SkillScanner: Detecting Policy-Violating Voice Applications Through Static Analysis at the Development Phase
You can find our paper here. If you find our paper useful for you, please consider citing:
@inproceedings{liao2023skillscanner,
title={SkillScanner: Detecting Policy-Violating Voice Applications Through Static Analysis at the Development Phase},
author={Liao, Song and Cheng, Long and Cai, Haipeng and Guo, Linke and Hu, Hongxin},
booktitle={Proceedings of the 2023 ACM SIGSAC Conference on Computer and Communications Security},
pages={2321--2335},
year={2023}
}
In this repository, the folder "skillscanner" contains the code for skillscanner. "skills_code" contains one example skill code for testing. "user-study" folder includes the data about our user study. "results" folder contains the results in our work based on our dataset.

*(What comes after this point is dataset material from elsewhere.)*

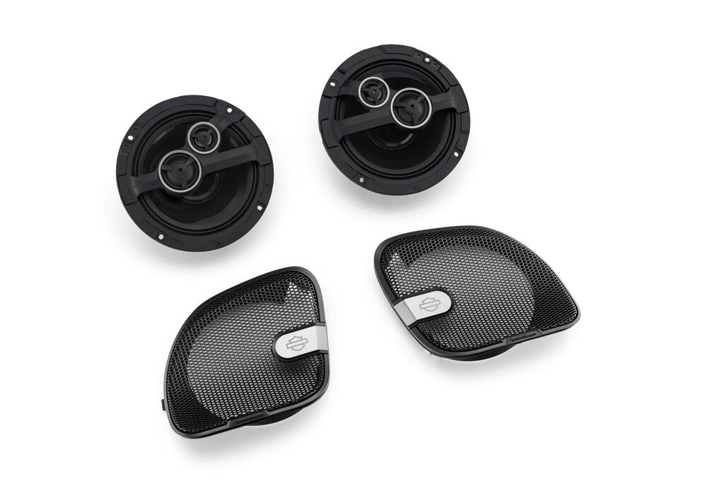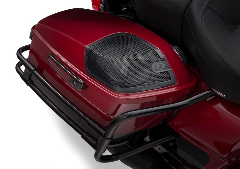 il nuovo impianto audio Harley-Davidson Audio con tecnologia Rockford Fosgate con altoparlanti triassiali Stage II è in esclusiva per i modelli 2021 CVO Street Glide e CVO Road Glide,. Gli speakers altoparlanti a tre vie sono dotati di un woofer e di medi e tweeter montati separatamente. Ogni unità altoparlante può gestire fino a 150 watt di potenza, mentre l'amplificatore Rockford Fosgate misura 8,13"x 5,39" x 2,01" ed è installato nella borsa laterale della moto. Un singolo amplificatore alimenta due set di Harley-Davidson Audio abbinati ad altoparlanti Rockford Fosgate Stage II. La potenza nominale è di 100 watt per canale x 4 @ 2ohms.

The "image" folder contains some images for presentation. "vscode-codeql-starter" includes CodeQL scripts for analyzing skills.
You can download the necessary Python libraries with:
pip install -r requirements.txt
python -m spacy download en_core_web_smYou need to download the CodeQL from CodeQL to do the skill taint analysis.
In our version, we used the CodeQL version v2.13.1. We ran all our experiments on Ubuntu 16.04 with Python 3.6. The tool might work on similar versions but this was not tested
After downloading and unzipping it, rename it as "codeql-home" and put it in the root path of this repo.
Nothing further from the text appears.